### Your objective
Take the listing below and print exactly the lines starting at the line containing "今回は特に12月初旬までに公" and ending at the line containing "mg + facet_grid(vs", both ends included, and no others.

### Extracted material
------------------------------------------------------------
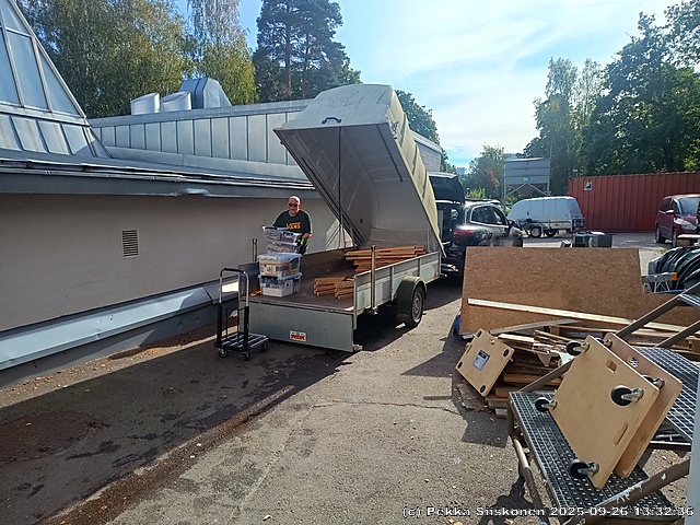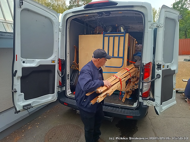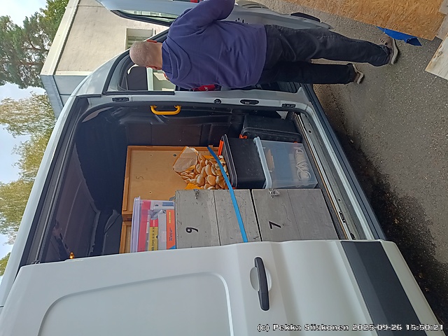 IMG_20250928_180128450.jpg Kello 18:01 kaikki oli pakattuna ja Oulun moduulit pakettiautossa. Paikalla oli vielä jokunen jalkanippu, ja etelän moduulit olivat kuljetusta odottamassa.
------------------------------------------------------------
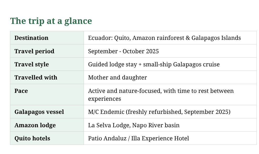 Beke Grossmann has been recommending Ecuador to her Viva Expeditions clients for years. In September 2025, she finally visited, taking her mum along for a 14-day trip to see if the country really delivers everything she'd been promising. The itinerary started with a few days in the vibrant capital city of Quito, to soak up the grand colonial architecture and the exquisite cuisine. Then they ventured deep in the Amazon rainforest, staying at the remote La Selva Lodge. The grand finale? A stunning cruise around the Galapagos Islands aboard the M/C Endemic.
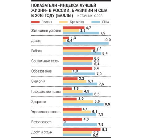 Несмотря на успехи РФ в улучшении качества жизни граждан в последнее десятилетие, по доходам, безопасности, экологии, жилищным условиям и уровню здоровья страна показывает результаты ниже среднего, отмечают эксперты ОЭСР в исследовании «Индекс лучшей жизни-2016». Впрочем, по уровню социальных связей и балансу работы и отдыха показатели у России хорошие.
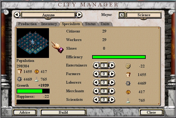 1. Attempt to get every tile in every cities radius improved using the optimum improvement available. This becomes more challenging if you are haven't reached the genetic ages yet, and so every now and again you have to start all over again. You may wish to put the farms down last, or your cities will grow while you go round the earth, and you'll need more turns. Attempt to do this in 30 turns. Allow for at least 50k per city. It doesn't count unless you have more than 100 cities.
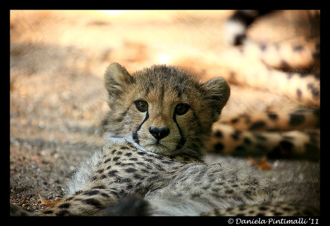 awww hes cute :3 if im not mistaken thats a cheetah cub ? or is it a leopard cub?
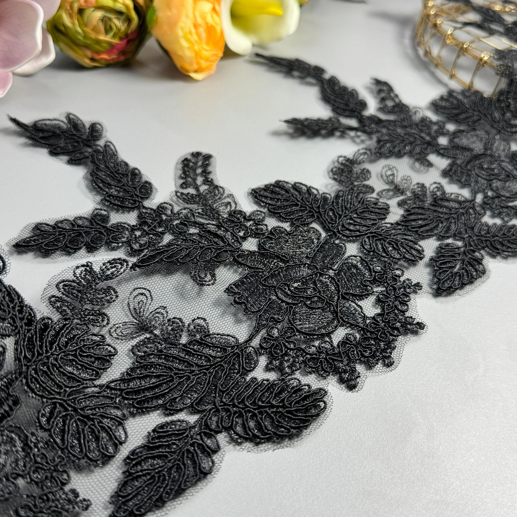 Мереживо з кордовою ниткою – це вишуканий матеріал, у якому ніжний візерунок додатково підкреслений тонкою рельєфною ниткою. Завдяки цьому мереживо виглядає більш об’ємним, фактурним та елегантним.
------------------------------------------------------------
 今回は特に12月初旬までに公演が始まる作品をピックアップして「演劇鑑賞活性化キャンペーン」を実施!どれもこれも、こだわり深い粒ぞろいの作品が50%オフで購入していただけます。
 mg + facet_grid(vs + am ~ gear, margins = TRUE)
------------------------------------------------------------
### Exercise answer
 今回は特に12月初旬までに公演が始まる作品をピックアップして「演劇鑑賞活性化キャンペーン」を実施!どれもこれも、こだわり深い粒ぞろいの作品が50%オフで購入していただけます。
 mg + facet_grid(vs + am ~ gear, margins = TRUE)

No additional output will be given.